Administration of Iodine-125 Seeds Promotes Apoptosis in Cholangiocarcinoma through the PI3K/Akt Pathway

Junqing Lin,¹Leye Yan,¹Xiaolong Wang,¹Zhengzhong Wu,¹Kun Ke,¹Xin Lin,¹Ning Huang,¹and Weizhu Yang¹

Academic Editor: Changlei Xia

Received30 Dec 2021

Accepted26 Jan 2022

Published24 Feb 2022

Abstract

Purpose. We aimed to examine the effects of ¹²⁵I seeds on the gene expression of Bcl-2, Bax, and PI3K/Akt pathway components in cholangiocarcinoma cells. Methods. In vitro, human cholangiocarcinoma RBE cells were treated with ¹²⁵I seeds (0.39 mCi or 0.85 mCi) for 72 h, 120 h, and 168 h. Cell proliferation and apoptosis were assessed. The expression of Bcl-2 and Bax was detected by RT-PCR, and Western blotting was carried out to explore changes in Akt activity. Result. ¹²⁵I seeds inhibited the proliferation of RBE cells. The apoptosis rate of the RBE cells in the low-activity group was significantly higher than that in the high-activity group at 120 h and 168 h, while no difference was found between the two groups at 72 h. After 120 h of culture, the gene expression of Bcl-2 and Bax decreased in both groups, the ratio of in the low-activity group decreased, and the PI3K/Akt signaling pathway was inhibited in both groups. Conclusion. ¹²⁵I seeds affect the proliferation and apoptosis of cholangiocarcinoma cells in a dose-dependent manner. The therapeutic effect of low-activity ¹²⁵I seeds on cancer cells may be better. ¹²⁵I seed brachytherapy may promote the apoptosis of cholangiocarcinoma cells by inhibiting the PI3K/Akt signaling pathway and regulating the ratio.

1. Introduction

Cholangiocarcinoma (CCA) is the second most common malignant liver carcinoma, accounting for 3% of gastrointestinal cancer cases and 15% of all primary hepatic tumor cases [1, 2]. The incidence and mortality of CCA have been steadily increasing in recent decades, especially in Asian countries [3, 4]. CCA is a highly aggressive tumor that is associated with a high mortality rate due to late diagnosis and infective treatment [5]. Early-stage CCA can be treated by surgical resection alone or in combination with liver transplantation. However, at the time of diagnosis, the majority of patients (>65%-80%) are in an advanced stage of disease, with unresectable or distant metastasis, and no effective chemotherapies or molecular targeted therapies are available for these patients [6]. Therefore, there is an urgent need to develop new therapeutic strategies for CCA.
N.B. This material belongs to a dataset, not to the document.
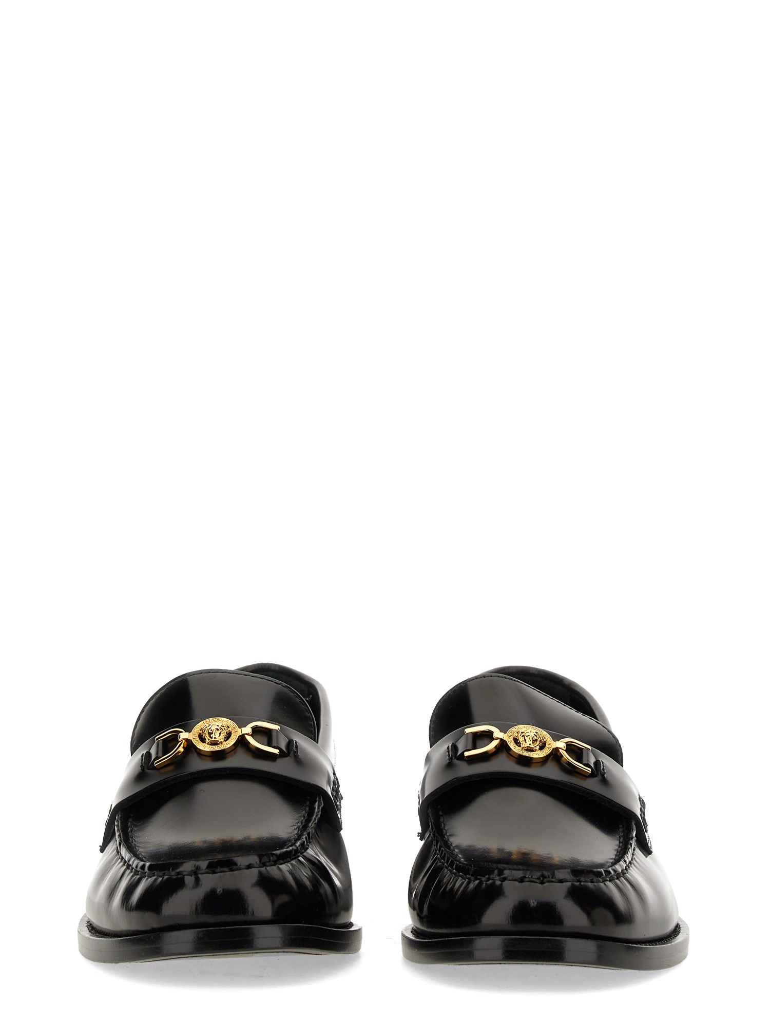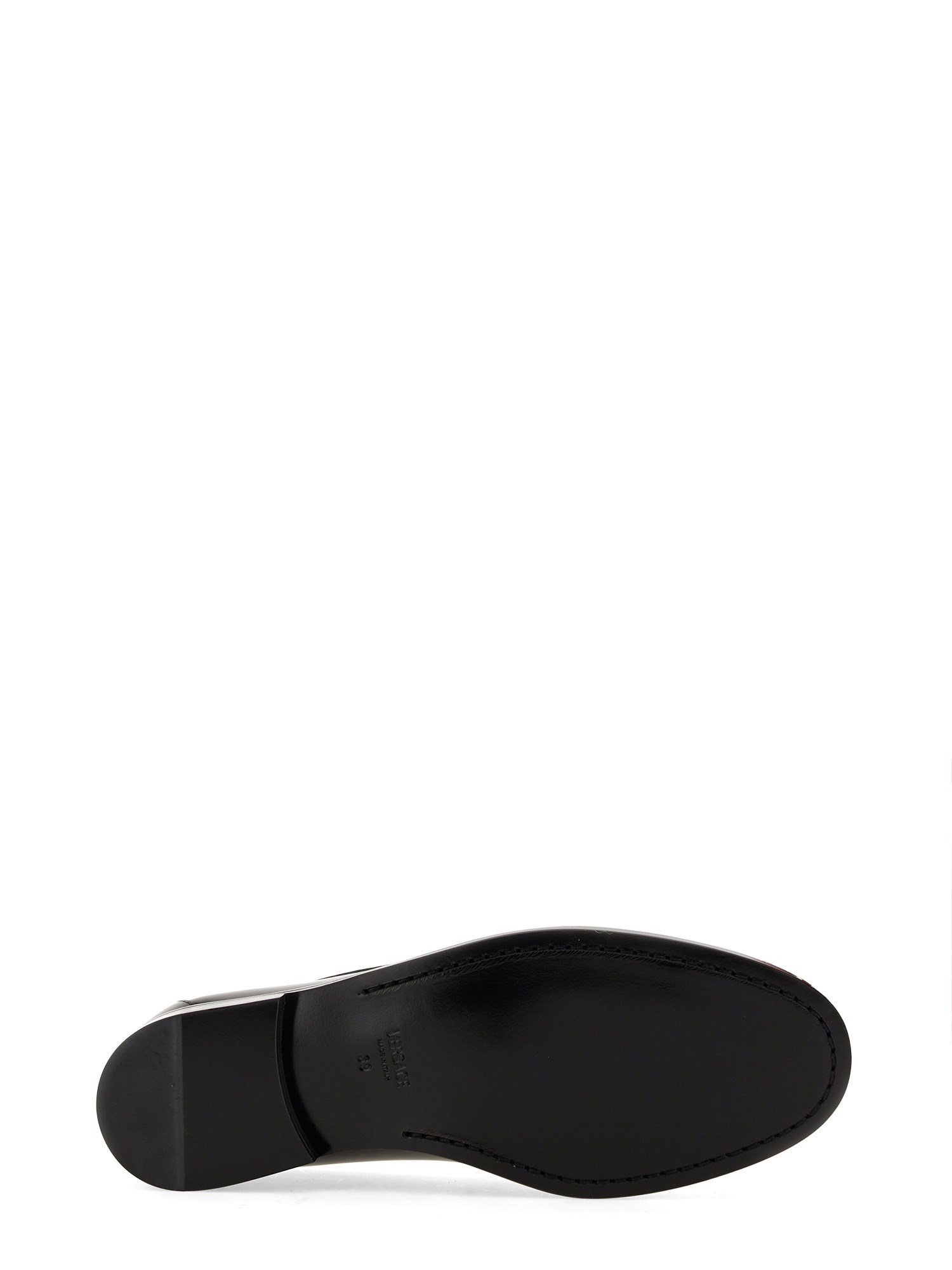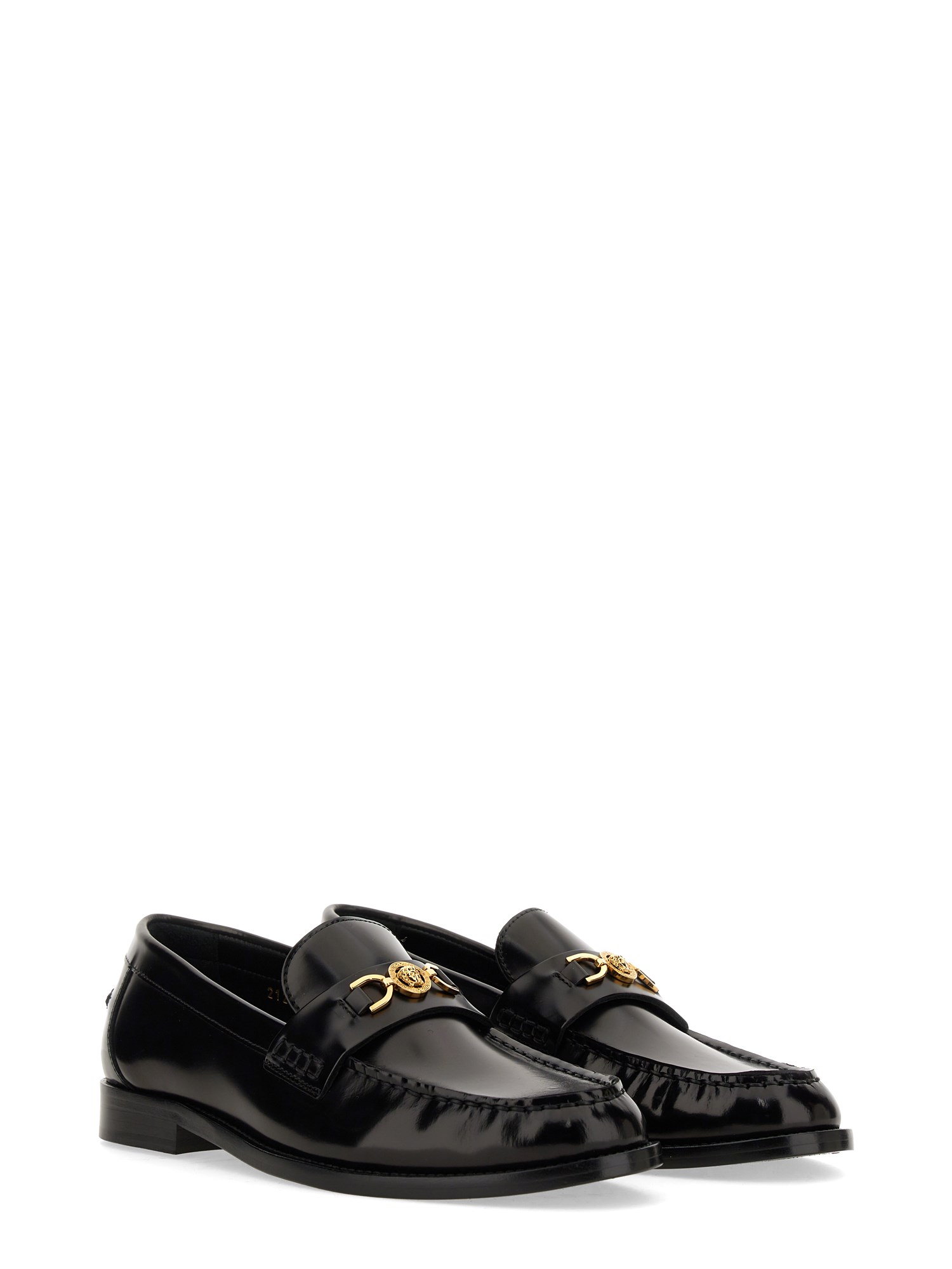 These black leather loafer moccasins from Versace are a stylish and versatile addition to any wardrobe. Made from high-quality leather, they offer both comfort and durability. The classic black colour makes them suitable for both formal and casual occasions, while the loafer style adds a touch of sophistication. With their slip-on design and cushioned insole, these moccasins provide a comfortable fit all day long. Whether you're heading to the office or going out for a night on the town, these black leather loafer moccasins are the perfect choice.

¹²⁵I seed brachytherapy is an established approach for the treatment of a variety of tumors, such as hepatocellular carcinoma, prostate cancer, lung cancer, and pulmonary cancer, and has resulted in excellent outcomes. ¹²⁵I seed brachytherapy has been demonstrated to be an effective modality with advantages of maximal antitumor effects, minimal toxicity and morbidity, slow and continuous irradiation release, convenience, short hospital stay, and long-term efficacy [7, 8]. To date, ¹²⁵I seed implantation alone or in combination with biliary stents has been used in CCA patients to evaluate the benefits.

Apoptosis, DNA damage, G2/M phase cell cycle arrest, autophagy, and paraptosis are possible mechanisms underlying the effect of ¹²⁵I seed radiation on various types of cancer [9–11]. Apoptotic programmed cell death plays a key role in a number of human physiological and pathological processes via the extrinsic (death receptor) and intrinsic (mitochondrial) pathways [12–14]. Mitochondrial apoptosis is tightly controlled by BCL-2 family proteins, including apoptosis-inhibiting molecules (such as Bcl-2) and apoptosis-promoting molecules (such as Bax) [15].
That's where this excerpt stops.